Homeland Open Security Technology
- Establishment: 2011
- Sponsor: Department of Homeland Security's Science and Technology Directorate
- Primary contractor: Georgia Tech Research Institute
- Other contractors: Center for Agile Technology Open Source Software Institute Open Information Security Foundation
- Website: www.cyber.st.dhs.gov/host/

= Homeland Open Security Technology =

Homeland Open Security Technology (HOST) was a five-year, $10 million program by the Department of Homeland Security's Science and Technology Directorate to promote the creation and use of open security and open-source software in the United States government and military, especially in areas pertaining to computer security, established in 2011.

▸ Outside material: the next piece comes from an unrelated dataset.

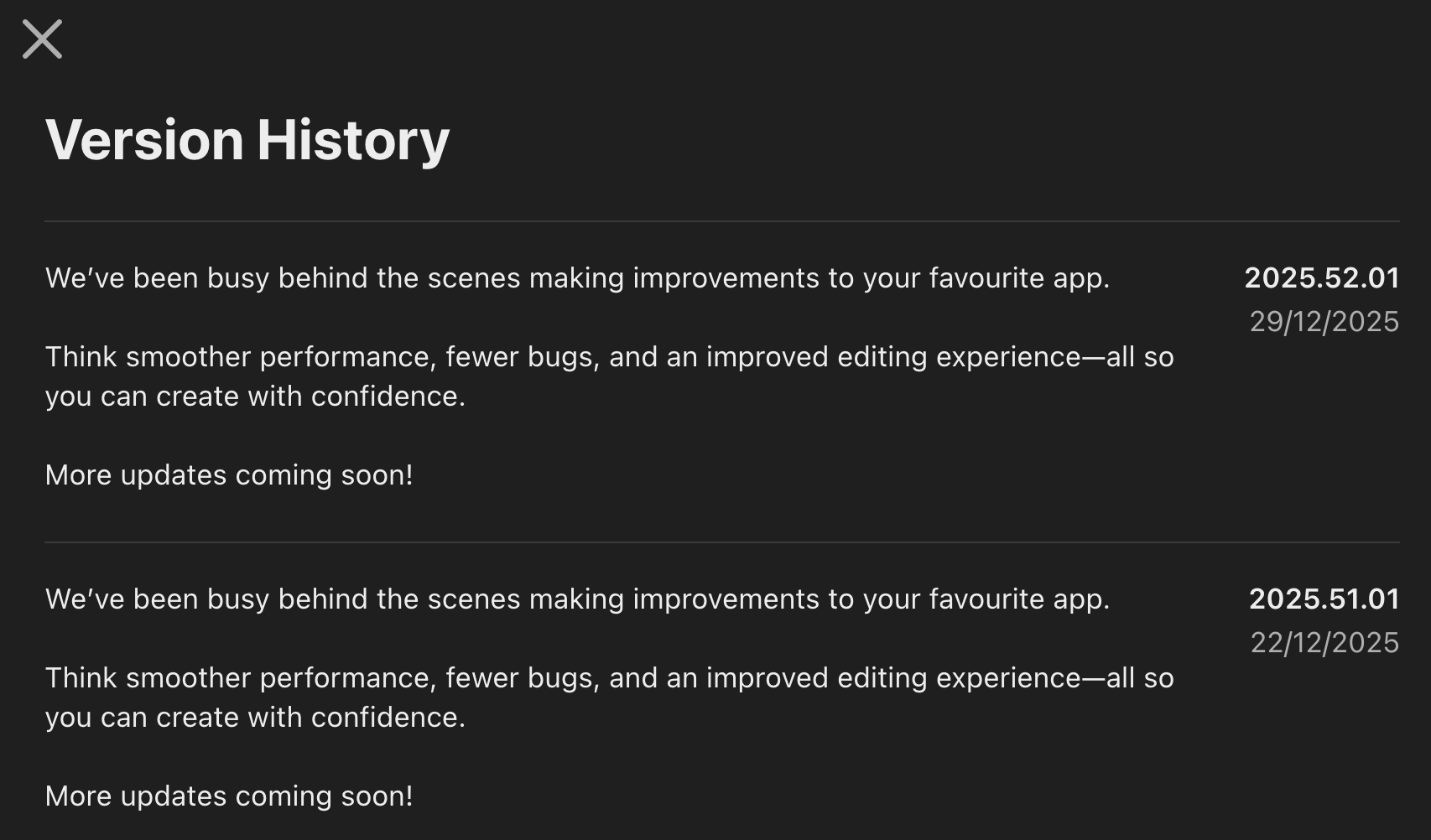 At Photoroom, we used to increment the major version number on big releases to celebrate. Recently, however, we moved our mobile apps to a versioning scheme like like 2025.51.01 (so [year].[weekNumber].[iteration])
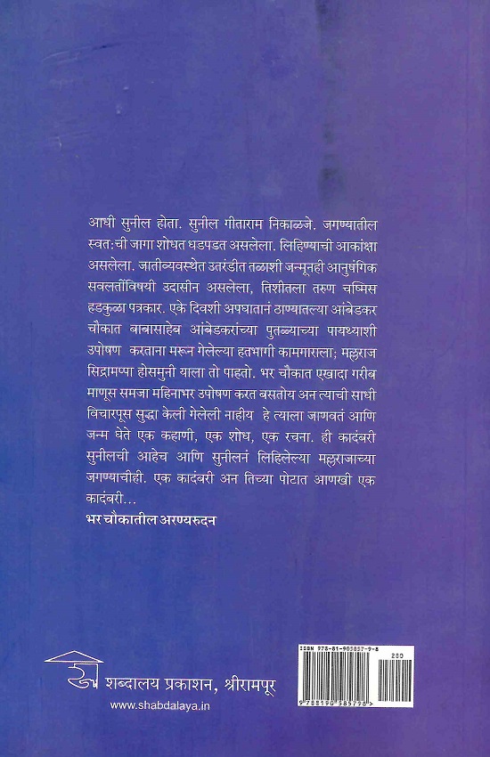 आधी सुनील होता. सुनील गीताराम निकाळजे. जगण्यातील स्वत:ची जागा शोधत धडपडत असलेला. लिहिण्याची आकांक्षा असलेला. जातीव्यवस्थेत उतरंडीत तळाशी जन्मूनही आनुषंगिक सवलतींविषयी उदासीन असलेला, तिशीतला तरुण चष्मिस हडकुळा पत्रकार. एके दिवशी अपघातानं ठाण्यातल्या आंबेडकर चौकात बाबासाहेब आंबेडकरांच्या पुतळ्याच्या पायथ्याशी उपोषण करताना मरून गेलेल्या हतभागी कामगाराला; मल्लराज सिद्रामप्पा होसमुनी याला तो पाहतो. भर चौकात एखादा गरीब माणूस समजा महिनाभर उपोषण करत बसतोय अन त्याची साधी विचारपूस सुद्धा केली गेलेली नाहीय हे त्याला जाणवतं आणि जन्म घेते एक कहाणी, एक शोध, एक रचना. ही कादंबरी सुनीलची आहेच आणि सुनीलनं लिहिलेल्या मल्लराजाच्या जगण्याचीही. एक कादंबरी अन तिच्या पोटात आणखी एक कादंबरी….

Proponent David A. Wheeler said that open-source security could also extend to hardware and written documents. In October 2011, the project won the Open Source for America 2011 Government Deployment Open Source Award.

==Participants==
The project is contracted to the Open Technology Research Consortium which consists of the Georgia Tech Research Institute (primary), the Center for Agile Technology at the University of Texas at Austin, the Open Source Software Institute, and the Open Information Security Foundation. The project has contributed funding towards the OpenSSL Software Foundation and the Open Information Security Foundation.

==Events==
In October 2012, HOST hosted the Open Cybersecurity Summit in Washington, D.C.; it was a one-day summit with a keynote by Stewart A. Baker, former Assistant Secretary for Policy of the Department of Homeland Security.

==Investments==
- Suricata - An open source-based intrusion detection system (IDS). It was developed by the Open Information Security Foundation (OISF). A beta version was released in December 2009, with the first standard release following in July 2010.
- OpenSSL FIPS 140-2 Validation - The Federal Information Processing Standard (FIPS) Publication 140-2, FIPS PUB 140-2, is a U.S. government computer security standard used to accredit cryptographic modules. The title is Security Requirements for Cryptographic Modules. Initial publication was on May 25, 2001 and was last updated December 3, 2002.